━━ MATERIAL TO PROCESS ━━

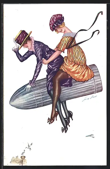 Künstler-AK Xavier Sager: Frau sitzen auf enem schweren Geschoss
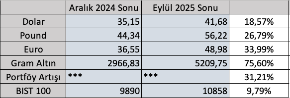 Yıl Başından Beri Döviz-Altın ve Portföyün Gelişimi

━━━
━━ MATERIAL TO PROCESS ━━

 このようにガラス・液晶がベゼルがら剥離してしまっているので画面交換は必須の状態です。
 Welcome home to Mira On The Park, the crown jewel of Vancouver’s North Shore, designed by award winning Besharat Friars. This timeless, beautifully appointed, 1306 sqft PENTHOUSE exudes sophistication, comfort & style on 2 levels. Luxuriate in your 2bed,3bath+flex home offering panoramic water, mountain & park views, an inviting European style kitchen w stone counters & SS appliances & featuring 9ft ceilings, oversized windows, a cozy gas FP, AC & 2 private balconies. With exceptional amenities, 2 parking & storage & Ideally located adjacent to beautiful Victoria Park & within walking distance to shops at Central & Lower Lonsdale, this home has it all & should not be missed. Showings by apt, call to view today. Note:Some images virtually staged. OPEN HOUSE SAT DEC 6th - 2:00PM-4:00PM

━━━

**PROMPT**:
Using the entries above, repeat exactly the lines from the one with "Künstler-AK Xavier Sager: Frau" to the one with "Yıl Başından Beri", both included, and leave the pictures behind.

**TASK OUTPUT**:
 Künstler-AK Xavier Sager: Frau sitzen auf enem schweren Geschoss
 Yıl Başından Beri Döviz-Altın ve Portföyün Gelişimi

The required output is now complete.